We end up passing the second function as an argument to the first function and then trying to call the result of the first function call as a function. The second function will fail with a "... is not a function" error at runtime.

My doubt is that how come the second function became the argument of the first function? Because for all I know

function myFunc(/*argument goes here*/){}

And not after the {} .

Can someone explicitly explain which ones are the functions and their respective arguments?

Answer 1

I think you are mixing up the parameters in the definition of the function and the arguments passed in when the function is called. The parameters do go in the first parenthesis when you define the function, but arguments go in the second when you call it.

for example:

 let test = function(arg){ // define parameters here console.log("called with", arg) // use arguments here } ("hello") //pass in arguments here 

The confusion might be caused by using the term "arguments" for two related but slightly different things:

• Parameters that are specified in the definition of a function.
• Arguments that are passed when a function is called.

Since these things are related, people sometimes refer to these two different concepts using the same word sometimes parameters, sometimes arguments. The difference is better explained here: What's the difference between an argument and a parameter?

Answer 2

What OP of the answer means is that when you minify your javascript file, if a function is followed by IIFE without having semicolon between them, it will break.

Now to answer your question:

how come the second function became the argument of the first function?

how do you call a function? You add parenthesis () after it.

In the mentioned case, the code would look like:

var fn = function () { ... }(function () { ... })();

// i.e.

var fn = function() { ... }(...)();

So it calls the function and expects another functions its output.

Answer 3

You can call any function directly by putting () behind it. Just like you call a method. myMethod( arguments ) .

So if you write a function definition and then add () to the end, it immediately gets called:

 var fn = function() { console.log( 'function executing' ); }(); 

When you call a function, anything between the () will be interpreted as an argument for the function. And since functions can be arguments for other functions, omitting that one ; , makes the second function become the argument of the first.

Such directly called functions are called IIFE: Immediately Invoked Function Expression .

So the following two lines are identical in result:

 var first = function( arg ) { console.log( "arg: " + arg ); }( "first argument" ); var second = function( arg ) { console.log( "arg: " + arg ); }; second( "first argument" ); 

The difference between the two is that function first gets called immediately by adding the () after the definition.

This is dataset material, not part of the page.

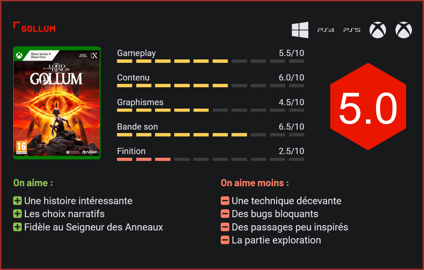 Développé par Daedelic, un petit studio indépendant qui signe avec ce jeu son titre le plus ambitieux à ce jour, Gollum est une adaptation fidèle à l’œuvre de J.R.R. Tolkien, qui peine toutefois à convaincre, la faute à une finition désastreuse… Attendu au tournant par les fans du Seigneur des Anneaux, Gollum : le jeu ne s’annonçait pourtant pas vraiment comme un hit en puissance. Depuis sa première présentation, le titre avait été régulièrement raillé pour sa technique pauvre. Et on ne va pas vous le cacher, il ne s’agit pas vraiment d’une claque, bien au contraire même. Pour autant, on lui reconnaîtra toutefois quelques qualités esthétiques : sa direction artistique plutôt inspirée, quelques très jolis panoramas et quelques excellents choix de mise en scène. Non, on n’est pas là face à un triple A mais pour un jeu à petit budget, Gollum s’en sort correctement. Les cinématiques du jeu sont travaillées. Côté gameplay, même son de cloche : on le savait, Gollum n’allait pas être le jeu d’infiltration de l’année. Car de facto, le jeu nous avait été présenté comme tel. En réalité, on est face à un jeu d’aventure très linéaire, qui mixe différents genres : de courtes séquences d’infiltration durant lesquelles il faudra généralement ramper dans les hautes herbes, des séquences de plates-formes assez basiques, un peu d’action et un paquet de lignes de dialogues à écouter et de cinématiques à visionner. Vous l’aurez compris, sur le plan ludique, le jeu n’est pas une réussite, mais pas un total fiasco non plus. On est là face à un jeu à licence très classique, dans la lignée de ce qu’on avait l’habitude de voir il y a dix ans. Gollum parvient toutefois à tirer son épingle du jeu sur le plan narratif, avec un scénario bien ficelé et agréable à suivre pour les fans, de jolies cinématiques, des dialogues bien écrits et un système de choix qui permettront d’influencer la trajectoire du scénario. Tout au cours de l’aventure, vous serez amené à faire des choix, en incarnant ainsi soit Sméagol, soit Gollum. Ces choix n’auront pas forcément de grosses conséquences, mais ils n’en restent pas moins intéressants, surtout qu’ils vous mèneront à de courtes séquences où il faudra convaincre l’autre moitié de personnalité de votre héros de suivre vos directives. Un concept sympa. Les choix narratifs apportent un vrai plus. Sympa… mais en aucun cas explosif. Et c’est bien là tout ce qu’on reprochera à ce récit, certes intéressant à suivre (le choix d’axer toute une trame narrative sur le personnage de Gollum était risqué!), avec quelques moments réussis, mais souvent lancinant et assez mou à jouer. Comme on l’a dit plus tôt, Gollum est un jeu qui s’adresse avant tout aux fans du Seigneur des Anneaux et en ce sens, le titre s’en sort assez bien puisqu’il reste fidèle à l’univers créé par J.R.R Tolkien. Les fans y trouveront certainement de quoi passer un très bon moment, d’autant plus que la présentation est soignée et la BO plutôt efficace. Les séquences d’infiltration restent très basiques. Si Gollum aurait dû donc être un jeu “sympa” mais sans éclats, le titre est malheureusement victime d’une finition désastreuse. Les bugs dans le jeu sont nombreux. Pire, on se retrouve assez souvent face à un bug bloquant. Par exemple, dans le chapitre deux du jeu, notre personnage est tombé et est mort. Le chargement du checkpoint a affecté la partie, avec une porte qui est restée fermée… Il nous a fallu recommencer complètement le niveau (45 minutes de jeu tout de même) pour finir le chapitre… Et d’après les joueurs, ce genre de bug n’est pas un cas isolé… Mieux vaut donc patienter un gros patch avant de se lancer dans cette aventure. Conclusion Descendu par les critiques du monde entier, Gollum n’est pourtant pas le pire jeu d’aventure qui existe. Le jeu de Daedelic est même plutôt plaisant à parcourir pour les fans de la saga. Fidèle à l’univers de Tolkien, le titre propose un scénario riche et joliment présenté. l’aventure en elle même n’est guère passionnante, la faute à un gameplay un peu trop simpliste, mais certaines séquences de jeu sont assez réussies pour qu’on y prenne plaisir. Gollum reste un jeu d’aventure efficace. Il faudra toutefois composer avec de gros défauts : des bugs bloquants, qui vous obligeront à recommencer plusieurs fois un niveau, des visuels datés, et quelques choix douteux pour certaines séquences de gameplay qui ne fonctionnent absolument pas.

And the function second gets called seperately on the next line.

To make a bigger distinction between IIFE functions, they are usually wrapped into an extra set of () to make it more clear that it's a IIFE:

(function(){ ... })( arg ); or even more clear (function(){ ... }( arg )); .

Answer 4

As you many know writing an IIFE like this doesn't work since for a function to be evaluated as an expression it requires extra parentheses

function foo() {

}();

instead it needs to be this

(function foo() {

})();

Well this is not the case when you have already made it an expression by assigning it to a variable like this

let foo = function foo() {

}();

Now as soon as you write a function like the last example but omit the ; then you can fall into the trap of running the first function passing in the second function as you showed in your example.

let foo = function foo() {
    //...
}(function () {
    //...
})();

Answer 5

First of all, the function on line 1 is function expression and not function declaration . A function expression followed by a pair of parentheses will be invoked immediately (also known a IIFEs). So, the following code would log Hello World :

var fn = function(a){ console.log(a) }("Hello World");

In your code, the 2nd function is being passed to first function but it's reference is not being stored in any formal parameter.